An enduring narrative about the U.S. economy, along with rugged individualism and the opportunity to rise from rags to riches, is that it is a dynamic market where new ideas can thrive and new businesses can reshape the economic landscape.
Competition is the basis of a market economy. It forces businesses to innovate to stay ahead of other firms, to keep prices as low as they can to attract customers, and to pay sufficient wages to avoid losing workers to other firms. When businesses vie for customers, prices fall and economic output increases. When businesses hire workers away from each other, wages rise and workers’ standard of living improves. And as unproductive firms are replaced by innovative firms, the economy becomes more efficient.

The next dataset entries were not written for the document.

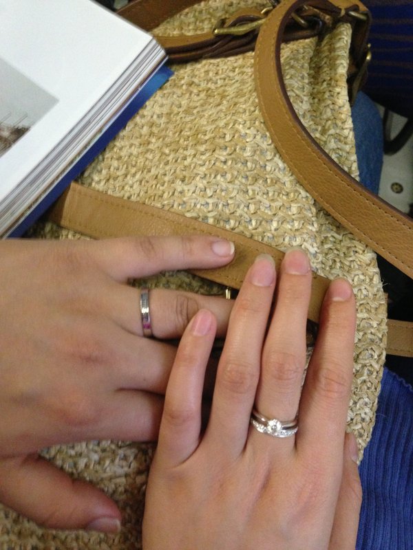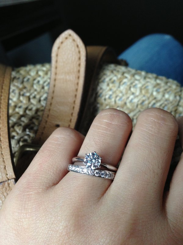 blue家的钻戒(73分,E,VS1,3EX,NONE)和tiffiany家的对戒,一起戴还蛮好看的。不过如果要我再选择我会选三钻的可有logo的那款女戒。我买的这款是23900港币,三钻那款记得好像是16800港币。
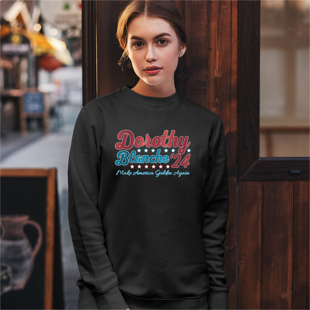 Pay homage to one of television’s most beloved duos with this clever, election-themed design. A perfect blend of humor, nostalgia, and a touch of political satire, it’s ideal for fans of classic TV shows. Whether you’re a die-hard fan of the show or just enjoy witty, playful designs, this piece is sure to make you smile. Wear it to rallies, casual outings, or just around the house to spread some sassy, nostalgic vibes.
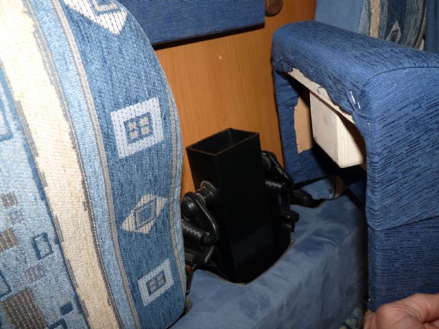 Tra le tante modifiche sino ad ora apportate, forte anche della precedente esperienza di campeggiatore, ho recentemente mascherato il poco gradevole telaio in ferro "Nero" che sostiene il rinvio delle cinghie di sicurezza.
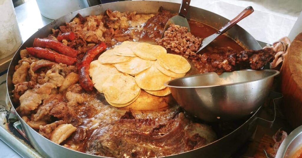 El suadero, un corte de carne proveniente de la res, se cocina comúnmente en una plancha con aceite o manteca, donde burbujea junto a otros ingredientes como tripa, longaniza o campechano. El resultado: una textura jugosa y un sabor profundo que se sirve en tortillas de maíz recién calentadas.
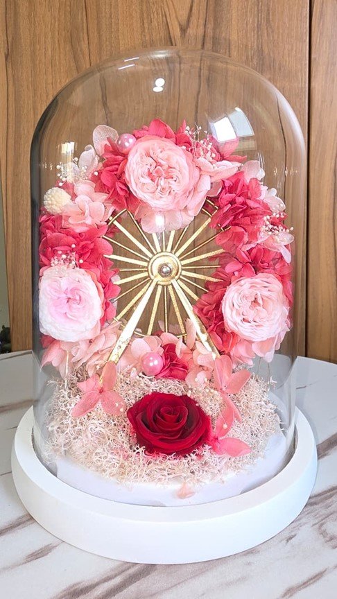 Bring timeless beauty to any room with this preserved flower dome featuring a radiant gold Ferris wheel centerpiece. Premium real flowers that last for years, this makes a perfect gift or home decor piece.
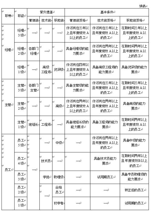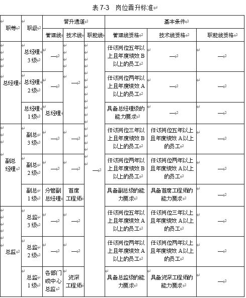 (2) 三个晋升通道:分别是指管理线、技术性和职能线三个晋升通道。
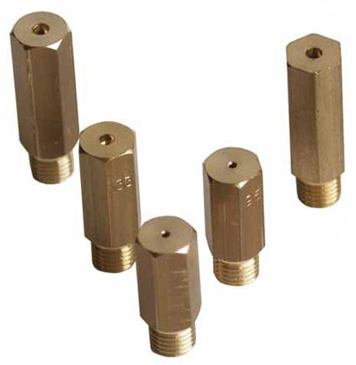 Les injecteurs de gaz sont de petites pièces généralement en laiton ou cuivre de la forme d’une vis 6 pans (6 ou 7 m/m) et percées en leur milieu d'un trou calibré correspondant à la puissance du brûleur.
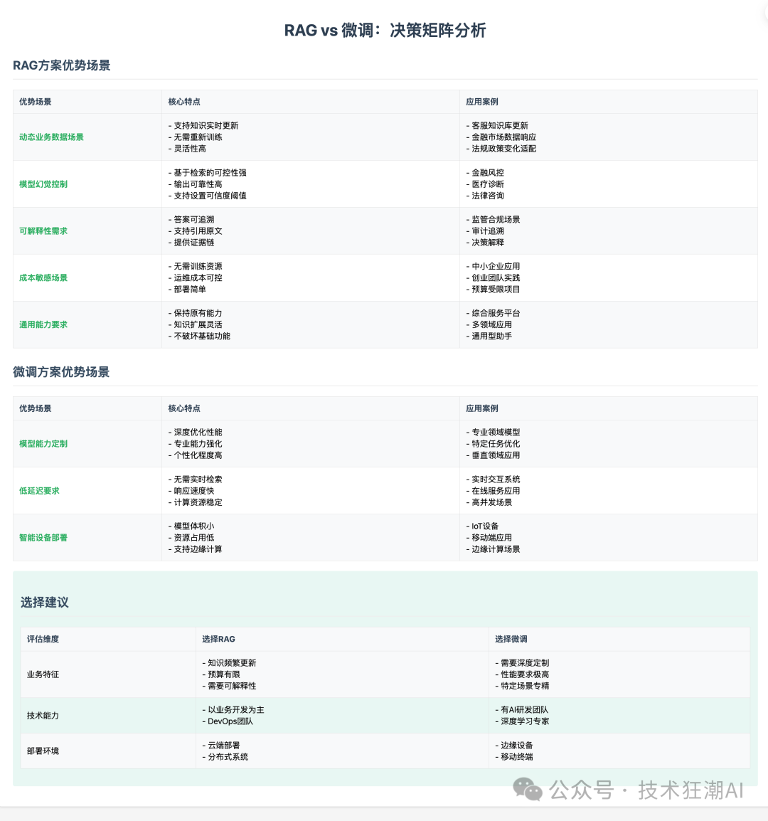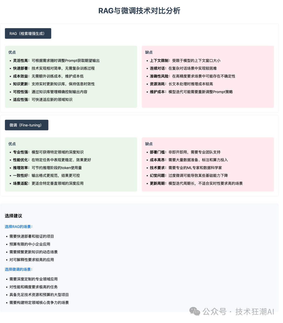 与大部分的IT技术一样,无论是微调还是RAG,都有其优点和局限性。选择合适的技术方案需要综合考虑多个因素,包括但不限于:应用场景的特点、性能要求、资源约束、团队能力等。随着技术的不断发展,这些方案的优劣势也在动态变化。下面我们将从多个维度详细对比这两种技术方案的特点,以供参考。
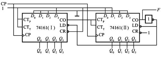 16进制加法计数器74161构成的电路如图所示,74161的功能表如表所示,F为输出,该电路能完成的功能为( )。
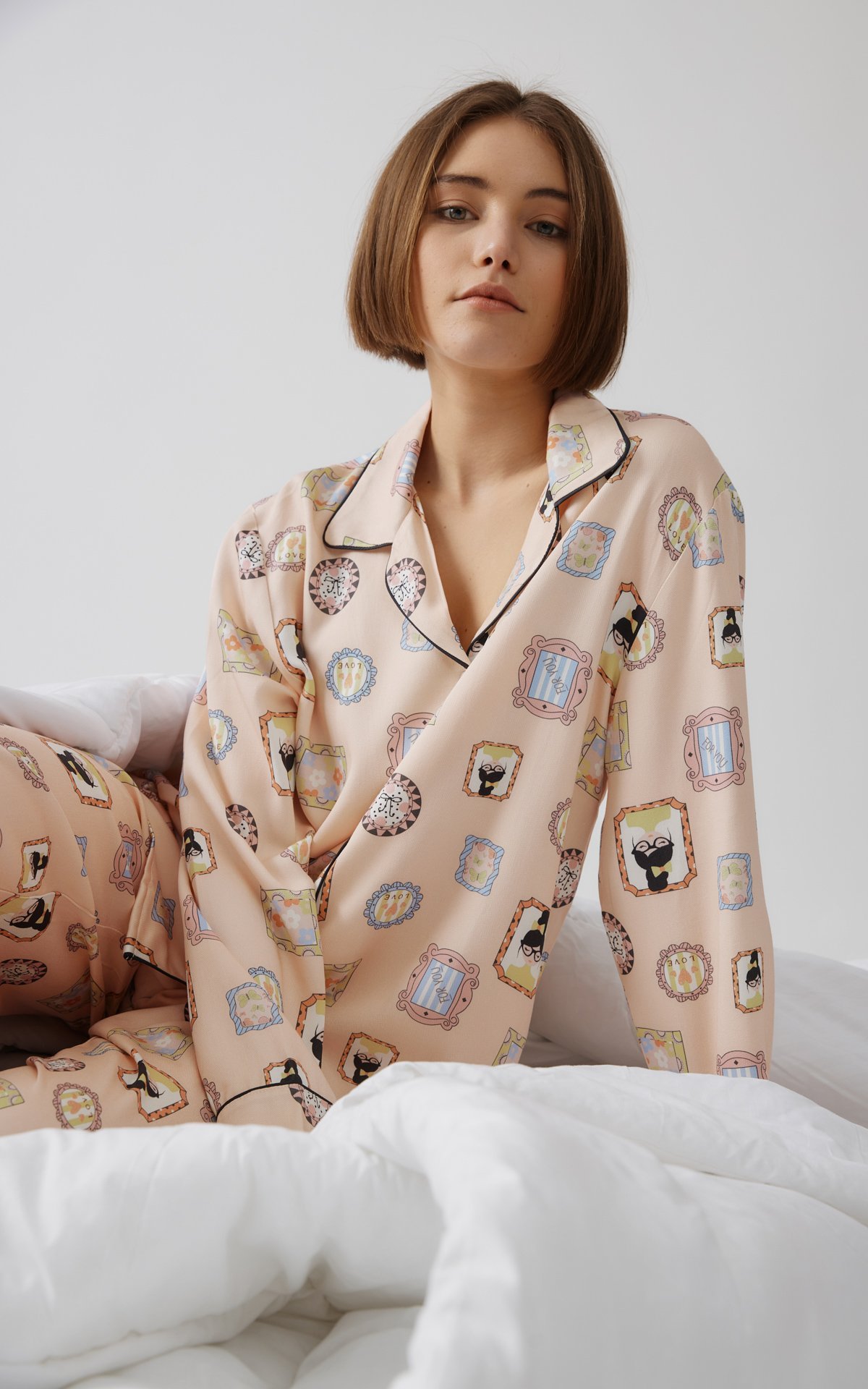 Εμπριμέ πυτζάμα από ύφασμα viscose.
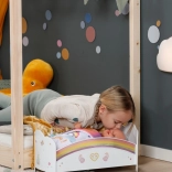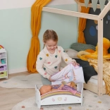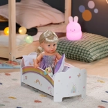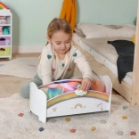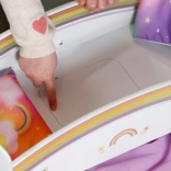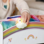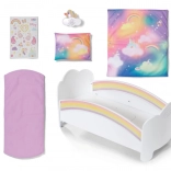 This adorable rainbow crib for BABY born dolls turns bedtime into a magical ritual. It features a glowing night light with lullaby, reversible bedding, and a design you can decorate with stickers. There’s also a secret compartment under the mattress for tiny treasures.

Thus, competition allows the market economy to allocate resources efficiently. Without it, there can be distortions that reduce overall welfare, as concentrated interests benefit at the expense of the broader public. Entrenched incumbent firms with market power hire fewer workers, produce less output, and earn higher profits than would otherwise be the case in a competitive market. In attempting to secure and maintain their market power, firms can spend substantial resources that produce no value for the overall economy but simply allow the firm to maintain high profits.1
Over the past few decades there have been troubling indications that dynamism and competition in the U.S. economy have declined. This paper describes the state of competition in the economy, related patterns in entrepreneurship, and policies that promote or inhibit competition. Business dynamism and competition are inherently intertwined, though the linkages are complex. Dominant firms can crowd out new entrants and reduce entrepreneurship; at the same time, a lack of start-ups can reduce the entrants necessary to generate competition. Thus, we examine both growing market concentration and the reduced rate of entry by firms.
- For example, see Gilbert and Newbery (1982) for a discussion of this dynamic as it pertains to patent activity.